The hearing, which many teachers and parents labeled a “sham,” came hot on the heels of a pro-charter school rally called earlier in the day outside the UFT’s Manhattan headquarters by Success Charter Network CEO Eva Moskowitz. The former councilmember and her supporters want the UFT and the NAACP to drop the lawsuit they filed jointly with others in May to prevent school closings and inequitable charter co-locations.

The 18 co-locations approved at the meeting had previously been voted on by the panel but were reintroduced at the June 27 meeting with amendments in an attempt to address building utilization issues raised in the lawsuit.

UFT Vice President for Elementary Schools Karen Alford called on the members of the panel to visit the district schools before they co-locate or expand charter schools inside their buildings to ascertain whether there is, in fact, sufficient space.

“We want all children to be winners,” Alford told the panelists. “But you have created a system with winners and losers.”

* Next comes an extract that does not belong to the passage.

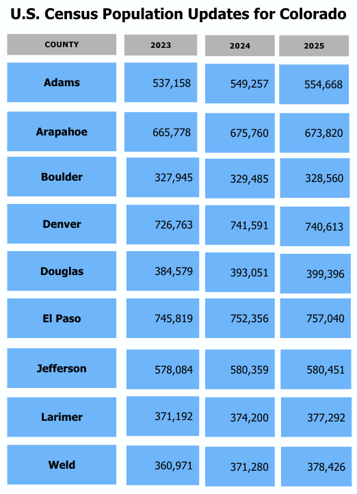 There are a few minor decreases in the chart above, but Colorado generally saw population GROWTH between 2024 and 2025. When you compare 2023 and 2025, however, the growth is evident across the board.

Also speaking before the panel, Khem Irby, a newly elected member of District 13’s Community Education Council, warned that a co-location at PS 368 will have devastating effects on that school’s autistic students.

“Why are all of our meetings about co-locations and not education?” Irby asked, expressing the thoughts of many in the audience.

Another parent, Noah Gotbaum, the outspoken president of Community Education Council for District 3, decried the cramped conditions in the schools in his Manhattan school district, which has the highest concentration of co-located schools in the city and country.

“If you want community input, you’ve got it,” Gotbaum said, before listing the many prominent individuals and groups in District 3 opposed to more co-locations there. Every elected official from the Upper West Side and Harlem, at all levels of government, is opposed to the proposed co-location of Success Academy 8 on the Brandeis campus, he said.

“Do your job. Protect our kids,” Gotbaum challenged the panel.

Mary Jackson, a 5th-grade teacher at PS/IS 308 in Canarsie, Brooklyn, said she has 31 students in her class crammed into a small classroom with only one closet for them to share. There is only one book for every two children, she said.

“Can you imagine what that does to the mindset of the children?” Jackson asked. “They try to cope, but it’s a struggle.”

The city wants to co-locate the Teaching Firms of America charter school inside the already overcrowded school next September.

Jackson said she wasn’t surprised that the panel voted to move forward with all of the co-locations before them.

“I do not feel that they are listening to us,” she said. “They’re just going through the motions. But I don’t want to give up the fight.”